Given information:
__________

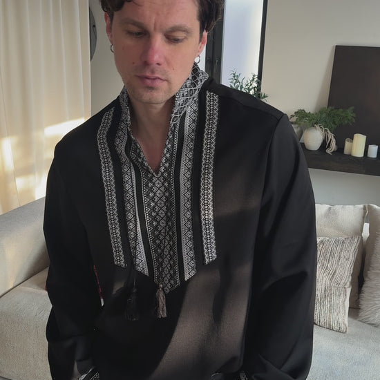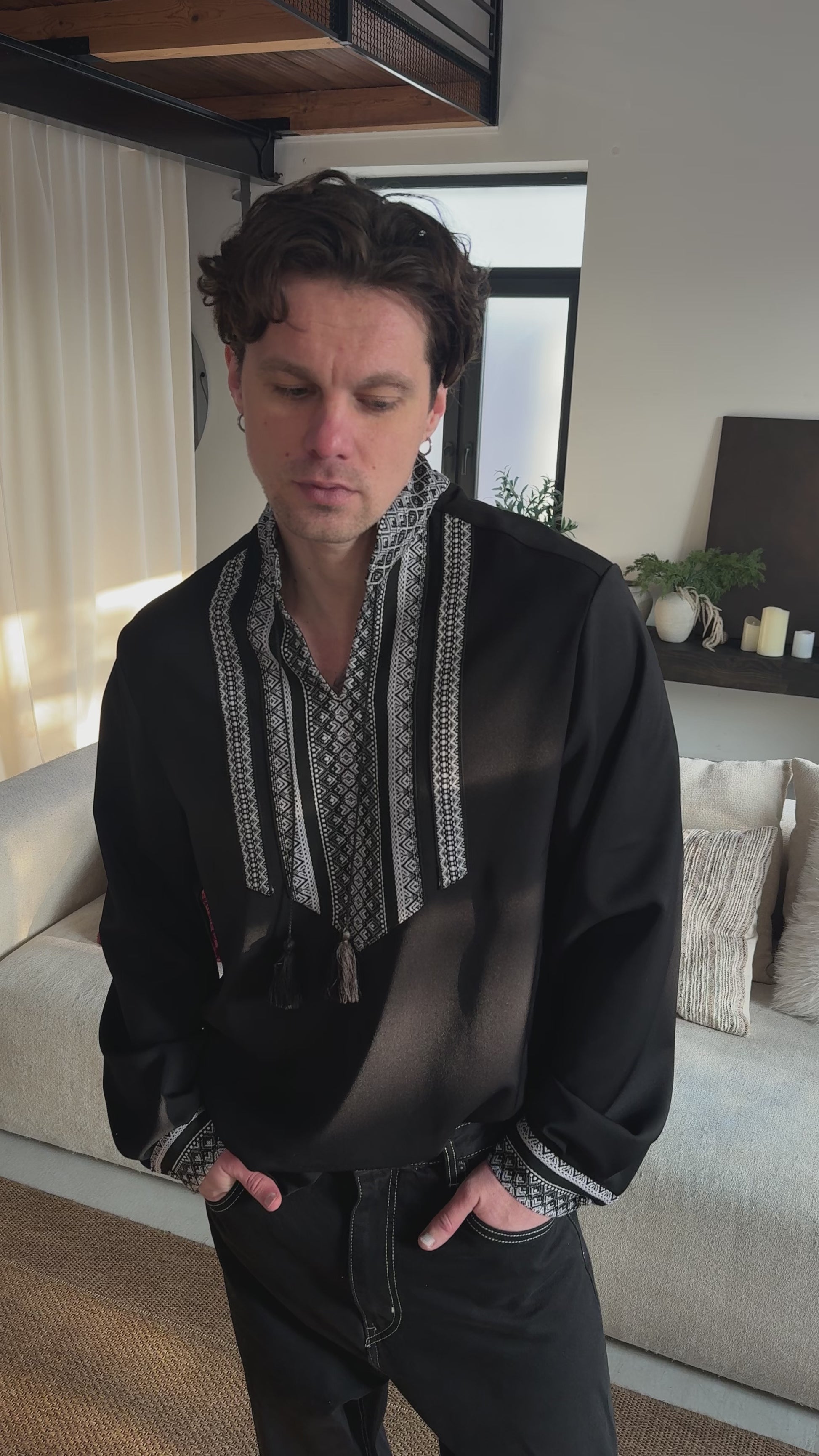 SKU:Нова Чоловіча чорна вишиванка Спадок,біла вишивка
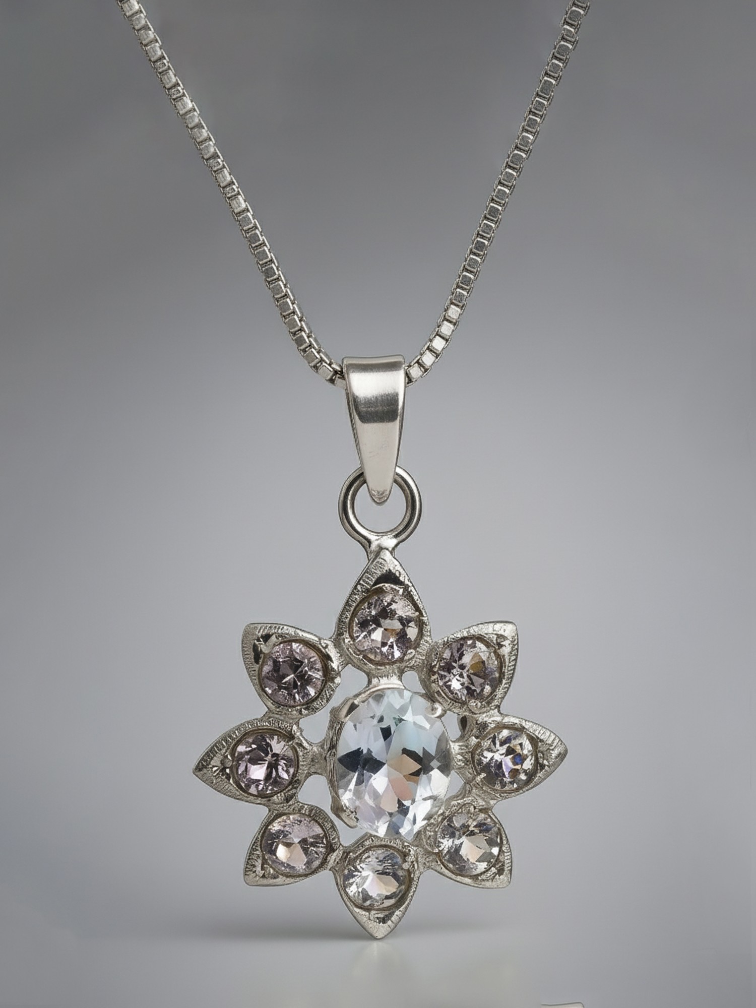 Fine Cut Blue Topaz Pendant & Earrings Set
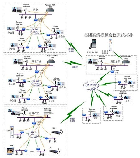 隨著我國改革開放的不斷深入,為加快信息交流速度,保證信息暢通,為滿足某集團視頻會議應(yīng)用的需求,某集團將基于SDH專線網(wǎng)絡(luò)及VPN ADSL專線,利用先進的通信傳輸技術(shù),組建統(tǒng)一的信息傳遞寬帶通道,連接從某集團總部到零售業(yè)集團分部、房地產(chǎn)集團分部、藥業(yè)集團分及學(xué)校部分的四大分部,各分部各自下轄相應(yīng)分支機構(gòu),其中零售分部為2M SDH專線網(wǎng)絡(luò),房地產(chǎn)分部為VPN ADSL專線網(wǎng)絡(luò),藥業(yè)集團暫時不會建設(shè)系統(tǒng),后期建設(shè)可以以零售業(yè)分部作為建設(shè)模板參考。學(xué)校部分的會場目前網(wǎng)絡(luò)是直接接入某集團總部,因此視頻會議系統(tǒng)中,學(xué)校部分會場全部直接接入總部,從而組成一套完整的視頻會議系統(tǒng),形成覆蓋整個企業(yè)集團。

__________

What is expected:
In the printed copy, the material above must appear unchanged and without its pictures.

Output:
 SKU:Нова Чоловіча чорна вишиванка Спадок,біла вишивка
 Fine Cut Blue Topaz Pendant & Earrings Set
 隨著我國改革開放的不斷深入,為加快信息交流速度,保證信息暢通,為滿足某集團視頻會議應(yīng)用的需求,某集團將基于SDH專線網(wǎng)絡(luò)及VPN ADSL專線,利用先進的通信傳輸技術(shù),組建統(tǒng)一的信息傳遞寬帶通道,連接從某集團總部到零售業(yè)集團分部、房地產(chǎn)集團分部、藥業(yè)集團分及學(xué)校部分的四大分部,各分部各自下轄相應(yīng)分支機構(gòu),其中零售分部為2M SDH專線網(wǎng)絡(luò),房地產(chǎn)分部為VPN ADSL專線網(wǎng)絡(luò),藥業(yè)集團暫時不會建設(shè)系統(tǒng),后期建設(shè)可以以零售業(yè)分部作為建設(shè)模板參考。學(xué)校部分的會場目前網(wǎng)絡(luò)是直接接入某集團總部,因此視頻會議系統(tǒng)中,學(xué)校部分會場全部直接接入總部,從而組成一套完整的視頻會議系統(tǒng),形成覆蓋整個企業(yè)集團。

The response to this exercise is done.